Sun River Canyon, Montana
Montana’s Sun River flows east across the “Disturbed Belt” of the Rocky Mountain Front. This zone of folded and thrust-faulted Paleozoic strata has climbed up on top of Cretaceous-aged deposits of the Western Interior Seaway. The Castle Reef Dolostone (Mississippian in age) weathers out in high-relief, while the shales of the Blackleaf Formation (Cretaceous) are more readily etched away and weather out as valleys. The result is a distinctive series of ridges, each a stratigraphic doppelganger of its neighbors, shingled up like imbricated pebbles in a fast-moving stream. All the ridges are oriented almost due north, indicating the underlying faults also strike north, and thus compression was from the west during the Sevier Orogeny (early Cretaceous).
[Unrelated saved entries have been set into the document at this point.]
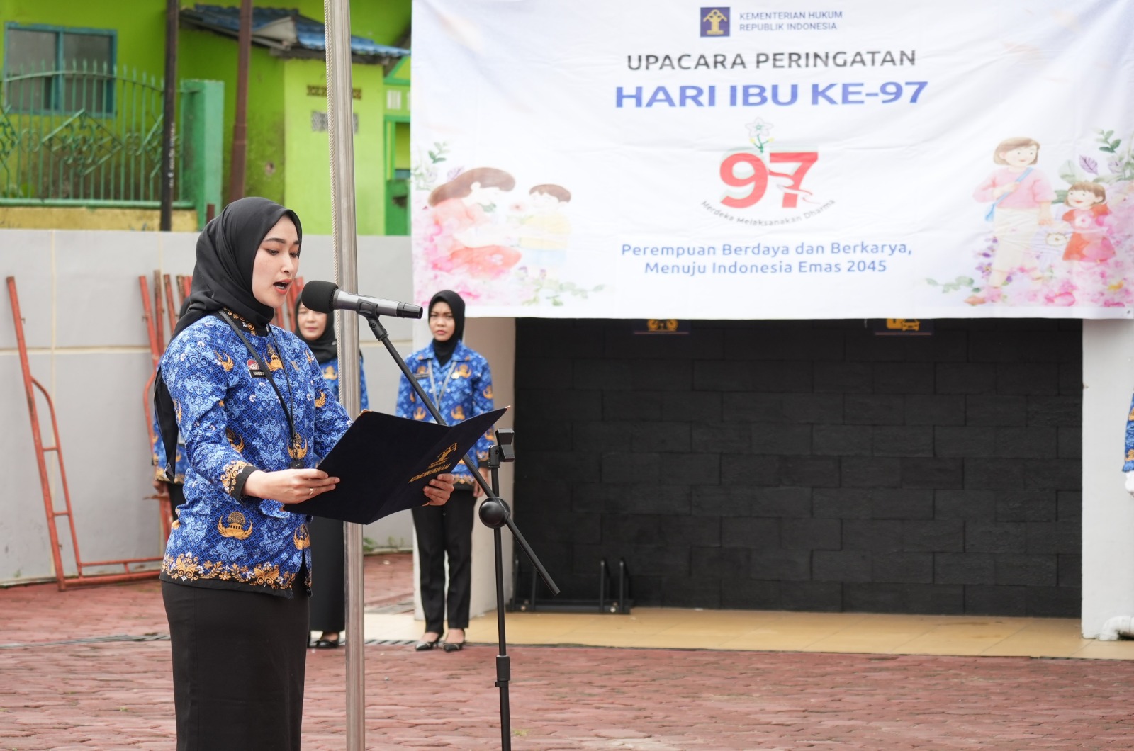 Upacara peringatan Hari Ibu ke-97 dipimpin oleh Kepala Bidang Pelayanan Kekayaan Intelektual, Yenni, yang bertindak selaku inspektur upacara.
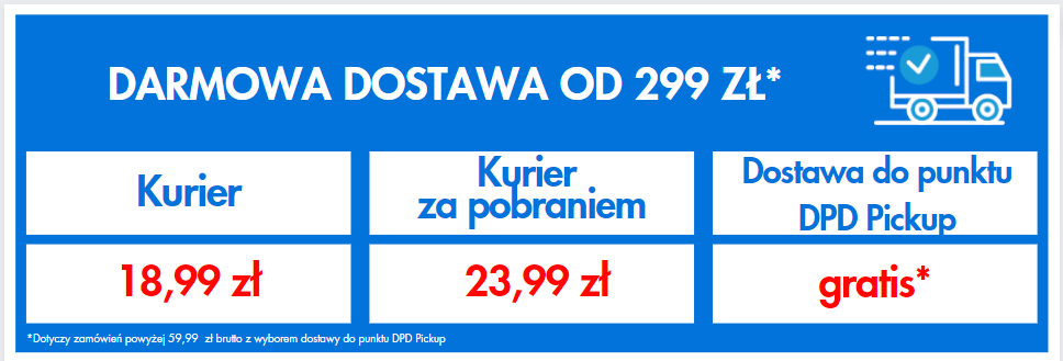 *Darmowa dostawa powyżej kwoty zakupów 299 zł brutto nie obejmuje zakupów poza terytorium Rzeczypospolitej Polskiej.
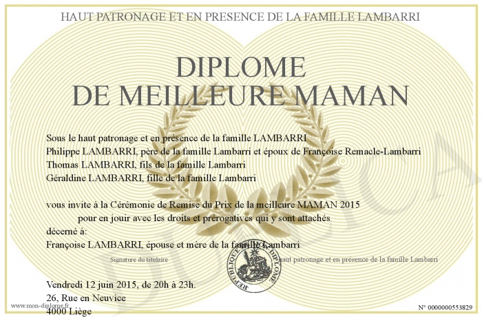 Envoyez par email votre Diplôme de meilleure maman personalisé
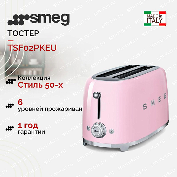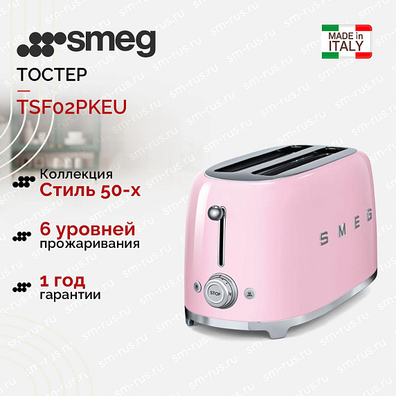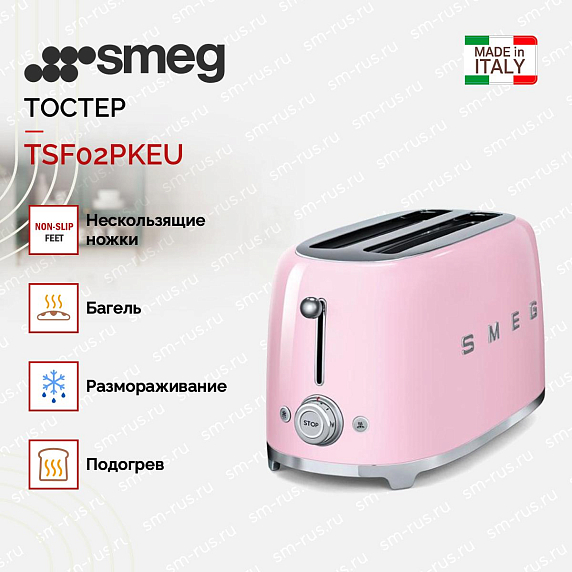 Тостер SMEG TSF02PKEU — нежная и стильная модель, выполненная в пастельно-розовом цвете. Несмотря на свою кажущуюся хрупкость он обладает высоким запасом прочности и широким функционалом
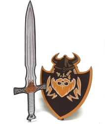 Leuke en veilige set voor kleine krijgers: een schuimen zwaard en schild met Viking-thema. Dankzij het zachte materiaal is het spel veilig, licht en ideaal als accessoire voor een carnavalskostuum of voor avonturen thuis.
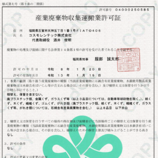 | 2026年1月 | 産業廃棄物収集運搬業許可 |
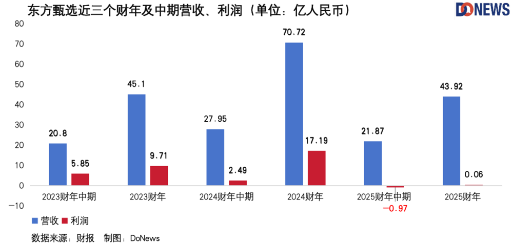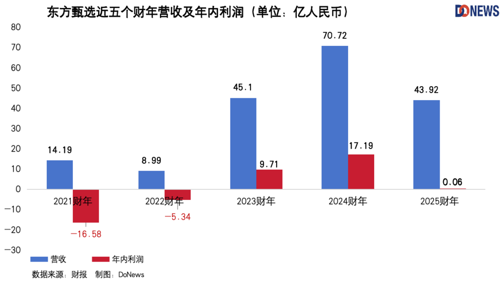 近五年,东方甄选的营收和利润经历了大起大落,2025财年的表现同步大幅下滑,但这有个前提,即东方甄选主动剥离了与辉同行的影响(2024年7月25日)。彼时外界议论纷纷,但这实际上是对于双方最好的选择(“体面分手”后,新东方爬出低谷 | DoNews财经),其决定性因素有三:
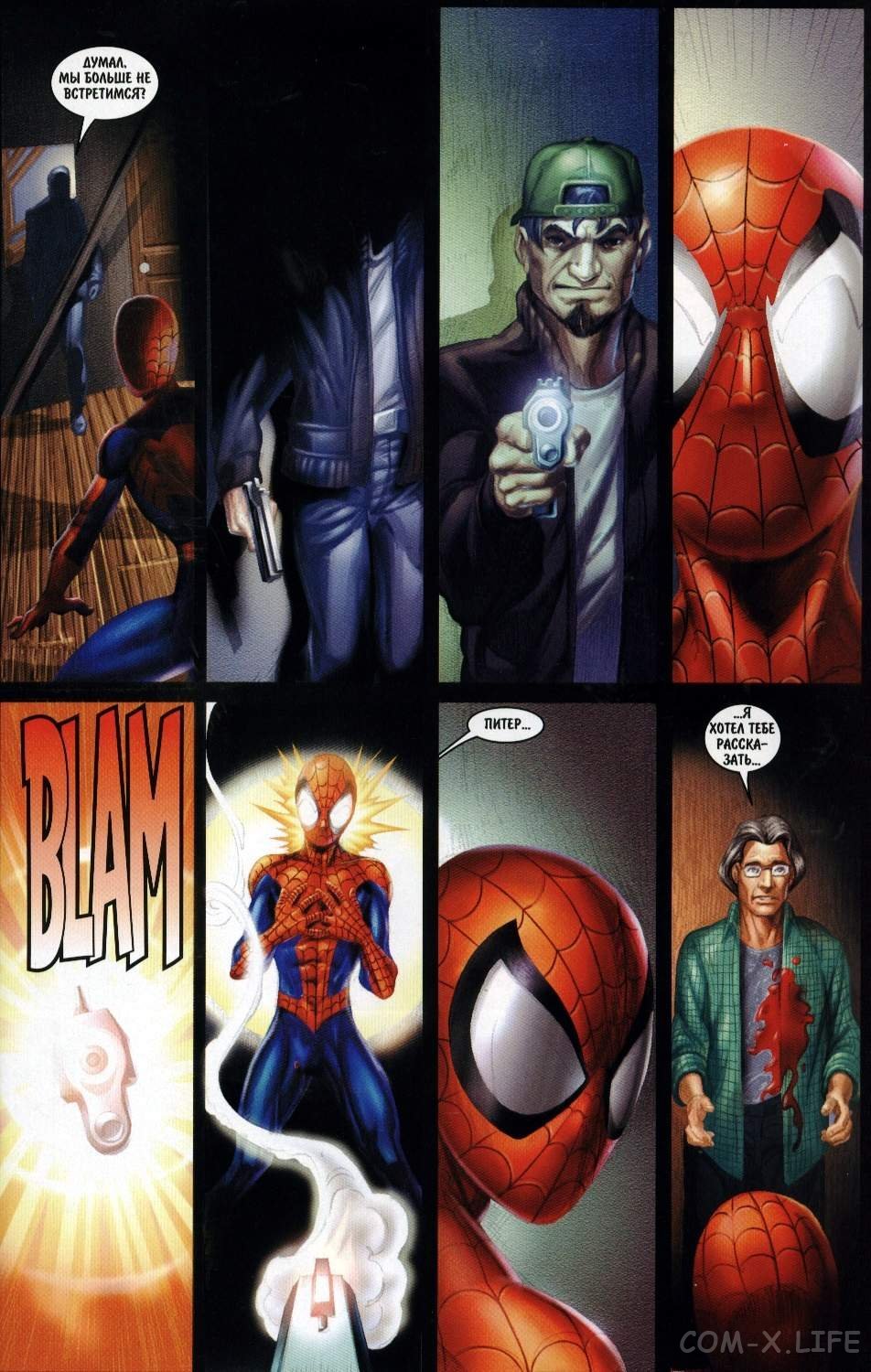 Войдя в дом от своей тёти и полицейских он узнаёт, что дядю Бена убил преступник, ворвавшийся в дом с целью ограбить его. Услышав разговор полицейских по рации о том, что вор находится на складе, Питер надел костюм Человека-паука и решил покарать бандита. На складе Человек-паук обезвредил преступника и был в ужасе, поскольку это был тот самый человек, которого он не остановил пару дней назад. После того, как Человек-паук передал грабителя полиции, его начала мучить совесть. По пути домой он встречает Мэри Джейн, которая соболезнует своему другу и говорит, что её родители попросили привести его в гости.

Driving west up the Sun River Canyon is like a tectonically-induced Groundhog Day.
Enjoy this series of images of this wild place. I’ve included both Google Earth and Flash Earth views of the Canyon on its many thrust sheets and a series of Google Earth shots from slightly different angles, giving a sense of the three-dimensionality of this world-class fold and thrust belt. A final Google Earth shot shows you the view to the east, peering over top the stack of thrust sheets at the Great Plains beyond. Also: a photograph of the French Thrust, seen in outcrop (Castle Reef Dolostone atop black Cretaceous shale). Finally, I included a detail from the Geologic Map of the Choteau quadrangle by Dick Berg (2008), so you can waste an hour or so counting the number of thrust faults in this area.
Not enough? Try reading the many foundational studies by Melville Mudge in this area.